I had the option of doing the IB program in high school (I think AP is just an American thing, so we didn't have that here) and I chose not to do it,
because I felt that it would be extra work that my local university, the only one I was considering, wouldn't care about.
If I could do things over again, I would do the IB program. I'm not sure how much better it is, but it can't possibly be more of a joke than the
standard schooling program. At the time, I wasn't smart enough to realize that I could have gotten more learning for free. Fortunately, I'm
smarter these days!
Having studied engineering in university, most of my peers took IB, and they, almost without exception, felt that it helped better prepare them for
the university workload and difficulty, while I spent the better part of my first year struggling to keep up.
I live in Alberta, Canada, and the way we do IB here, the classwork is more advanced, but the final exam is the same, so the IB students usually aced
it, naturally.
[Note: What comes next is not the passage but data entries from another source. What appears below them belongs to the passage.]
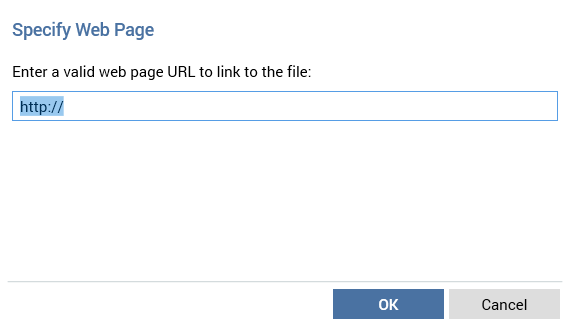 Change Linked Web Page: clicking this button also displays the Specify Web Page overlay, allowing you to specify the URL of a different web page to which to link the file.
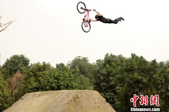 土坡山地车的难度系数超高,滞空时间最长,危险系数也很大。 吕杨 摄
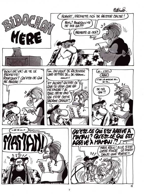 Résumé: L'histoire est simple : partis la voir en week-end, Robert et Raymonde se retrouvent séquestrés par Madame Bidochon mère, victimes de sa tyrannique affection. C'est l'occasion qui manquait à BINET pour nous dévoiler quelques piquants secrets de famille... Mais la vraie saveur de ce quinzième tome, c'est de découvrir que la mère Bidochon est surtout... la belle-mère de Raymonde ! Ce nouvel album réjouira tous ceux et toutes celles qui ont dans leur entourage une mère ou une belle-mère... mais rappelez-vous, les Bidochon, c'est les autres !
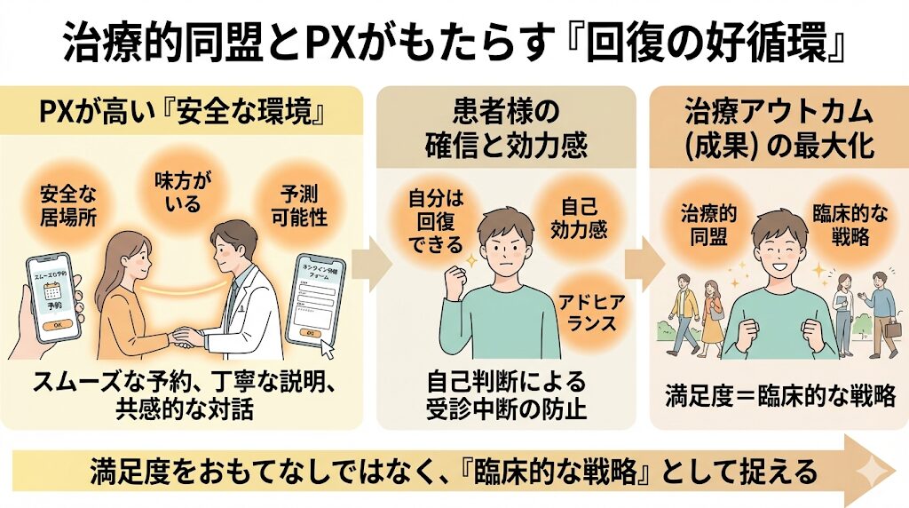 PXを高める取り組みは、単なるサービス向上ではありません。それは、医師と患者様が共通の目標に向かって歩むパートナーシップ、すなわち医学的に極めて重要な「治療的同盟(セラピューティック・アライアンス)」を築くプロセスそのものです。🤝
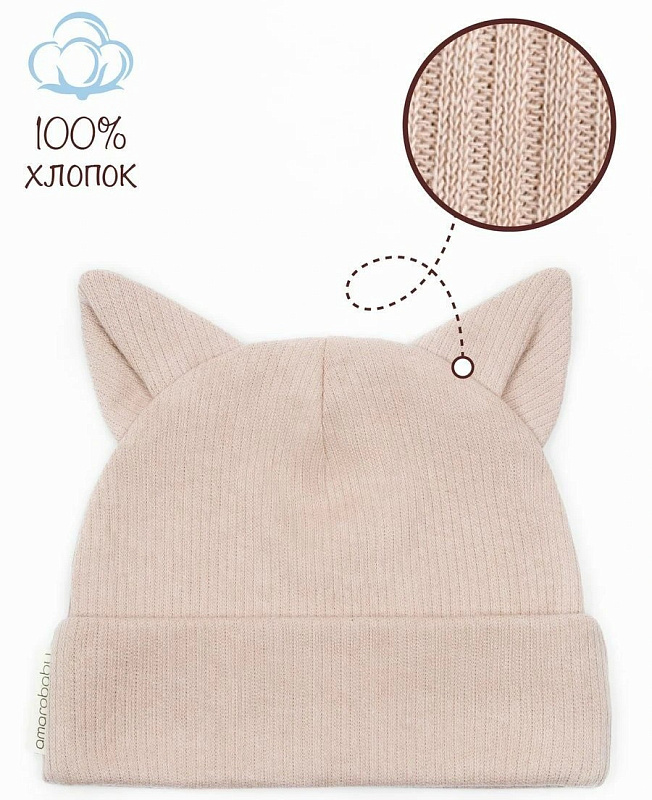 Чепчик (шапочка) AmaroBaby Fashion Cat New ЧЗ бежевый 42
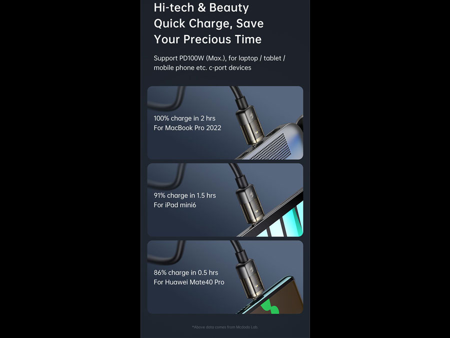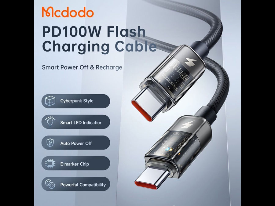 | مشخصات کابل سوپر فست شارژ و انتقال داده تایپ سی به تایپ سی 100 وات 1.2 متری مک دودو Macdodo CA-284 | |
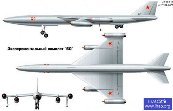 局內代號為M-60 的設計第一稿早在1956 年7 月即全部完成。與此同時,與之合作的AM 留里卡設計局的新發動機的設計也即將完成。這種核/渦噴發動機所需熱量由經過核反應堆從而被加熱的空氣提供。強大的“心”足以給M-60 的49,600 磅推力。按照設計要求,飛機起降過程均使用常規動力。

I'm not really familiar with the concept of 'standardized testing' in the States, but here we just have standard testing in grades
3 and 6, or at least that's how it worked back in the days of the dinosaur when I was that age.
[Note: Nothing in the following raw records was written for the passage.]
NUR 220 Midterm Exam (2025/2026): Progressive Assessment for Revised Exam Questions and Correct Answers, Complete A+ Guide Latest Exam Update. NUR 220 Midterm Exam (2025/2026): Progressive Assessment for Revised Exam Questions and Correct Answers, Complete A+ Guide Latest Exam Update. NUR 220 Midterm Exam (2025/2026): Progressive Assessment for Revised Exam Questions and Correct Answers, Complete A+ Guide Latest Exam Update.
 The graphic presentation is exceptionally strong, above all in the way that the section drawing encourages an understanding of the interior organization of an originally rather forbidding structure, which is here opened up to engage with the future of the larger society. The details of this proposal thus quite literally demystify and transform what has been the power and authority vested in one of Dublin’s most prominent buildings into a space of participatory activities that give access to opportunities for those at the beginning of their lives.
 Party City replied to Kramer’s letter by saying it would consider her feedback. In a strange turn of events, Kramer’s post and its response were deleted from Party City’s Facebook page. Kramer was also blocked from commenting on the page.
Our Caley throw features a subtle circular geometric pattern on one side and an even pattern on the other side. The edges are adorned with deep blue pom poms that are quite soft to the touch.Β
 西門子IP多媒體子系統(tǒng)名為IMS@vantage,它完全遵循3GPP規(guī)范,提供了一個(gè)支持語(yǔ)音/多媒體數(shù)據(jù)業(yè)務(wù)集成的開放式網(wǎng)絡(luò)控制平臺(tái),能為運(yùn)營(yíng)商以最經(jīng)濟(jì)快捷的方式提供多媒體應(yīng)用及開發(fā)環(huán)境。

Personally, I believe we should reach to teach every student calculus and physics because that is what the top students are capable of rather
than have them learning basic geometry and earth/space science(or insert whatever joke science class your district offers) because every student
I agree with this. I think that the school system should have two main goals, one being to raise the below-average student to a more acceptable
level, and the second, to provide whatever the most advanced students need in order to become even smarter. My reasoning is that the brightest of the
bright are the ones who will change the world, and should be prepared to do so, and the dumbest of the dumb are the ones who will hold us back, so if
we can improve those two groups, society as a whole will benefit. We shouldn't neglect those in the middle, either, but I think that the two
extremes are the key areas to focus on.